Hi Noa123, We move out mid August (my DH a month before us). What year will your son be going into? I have my son going into yr 2 and my daughter yr 3.Is it you that will be working near the airport? If that is the case surely one of the quieter streets in Uptown Mirdiff would be ideal for you? You're lucky if you are going to be able to work (I have taken a career break where one of the terms prohibits me working for pay during that time ), as at least you will get a chance to hopefully meet like-minded people at work etc. 

I am really swayed by the look of the houses at the Villas but dislike the idea of living on a building site and also worry that it may be a bit remote in terms of friendships. 

Where you coming out from?


----------



## Mr Rossi (May 16, 2009)

Dubailand Villas will be to far and out and not developed enough for you to meet people. Arabian Ranches next door would be better but still a bit out. Mirdiff would be best, near the kids schools and close enough to the metro. Quite a lot of house for your money but beware of the flight path.


----------



## Noa123 (Apr 6, 2012)

Elmpark said:


> Hi Noa123, We move out mid August (my DH a month before us). What year will your son be going into? I have my son going into yr 2 and my daughter yr 3.Is it you that will be working near the airport? If that is the case surely one of the quieter streets in Uptown Mirdiff would be ideal for you? You're lucky if you are going to be able to work (I have taken a career break where one of the terms prohibits me working for pay during that time ), as at least you will get a chance to hopefully meet like-minded people at work etc.
> 
> I am really swayed by the look of the houses at the Villas but dislike the idea of living on a building site and also worry that it may be a bit remote in terms of friendships.
> 
> Where you coming out from?


Hi - I'm moving beginning of July with the family joining me end of July/beginning of August.
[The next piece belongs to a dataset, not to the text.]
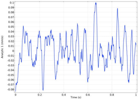 In addition, the steel tape had a spring foundation condition from the left boundary and uploaded velocity from the opposite boundary as shown in Figure 10. Experimental measurement tape velocity data were used us a set velocity boundary condition in simulation as shown in Figure 12. The analytic velocity function of steel tape’s end from the experiment (Figure 12) was used for the set velocity as one of boundary conditions for simulation as shown in Figure 10.
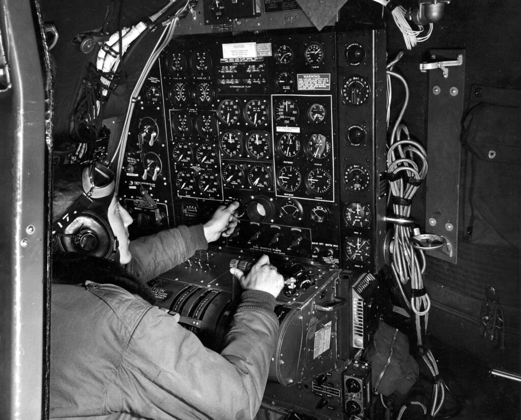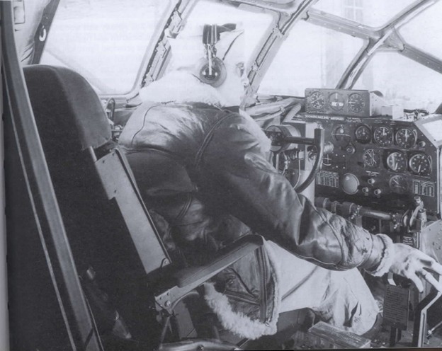 Pilot of a B-29 at the controls

My son will be starting in FS2.Yes I'll be working near the airport.You are right about living close to building sites.I will be in temporary accommodation for the first couple of months until we find something suitable to move into. I had a look at villas in Mirdiff and think its the best bet as I wouldn't want the kids to travel too much to get to school. 

I'll be moving from Dublin.


----------



## Elmpark (Feb 16, 2012)

Ah well will try and focus my search on Mirdiff and try not to get carried away with amazing houses in Dubailand . We are also going into temp accommodation for a couple of months, my husband's work get a massive discount at one of the 5 star hotel so taking a two bed apartment to give me time to have a look about and make a reasoned decision. Hopefully it will all make more sense when we get out there. Will your wife work out there too Noa123? I suppose I am just anxious that I will get it right and that I live somewhere where I also have a chance at having a reasonable quality of life too in terms of friendships, housing, exercise etc.


----------



## Noa123 (Apr 6, 2012)

Elmpark said:


> Ah well will try and focus my search on Mirdiff and try not to get carried away with amazing houses in Dubailand . We are also going into temp accommodation for a couple of months, my husband's work get a massive discount at one of the 5 star hotel so taking a two bed apartment to give me time to have a look about and make a reasoned decision. Hopefully it will all make more sense when we get out there. Will your wife work out there too Noa123? I suppose I am just anxious that I will get it right and that I live somewhere where I also have a chance at having a reasonable quality of life too in terms of friendships, housing, exercise etc.


Hi - my wife would be hoping to work once we are there and the kids are settled. Do your kids need to undergo an assessment for Royal Dubai School? I understand there is some sort of play session/assessment before a place is actually offered.


----------



## Elmpark (Feb 16, 2012)

Noa123 said:


> Hi - my wife would be hoping to work once we are there and the kids are settled. Do your kids need to undergo an assessment for Royal Dubai School? I understand there is some sort of play session/assessment before a place is actually offered.


Not that I have been told as they have seen two lots of school reports from here and we have now paid in total £2000 to secure their places so as far as I know we are in! The school here did provide a letter outlining what levels my children were and also stating that they have no educational special needs etc. As an aside have you had the kit list?!!! We have so much to buy and as one child is going into yr 3 we also need to provide her with a laptop too! Think I will be checking out the second hand uniform shop first before I get out there. Aparatently school black shoes are also pretty dear out there so worth getting them done in Clarks before your wife and kids move out, I know I will be!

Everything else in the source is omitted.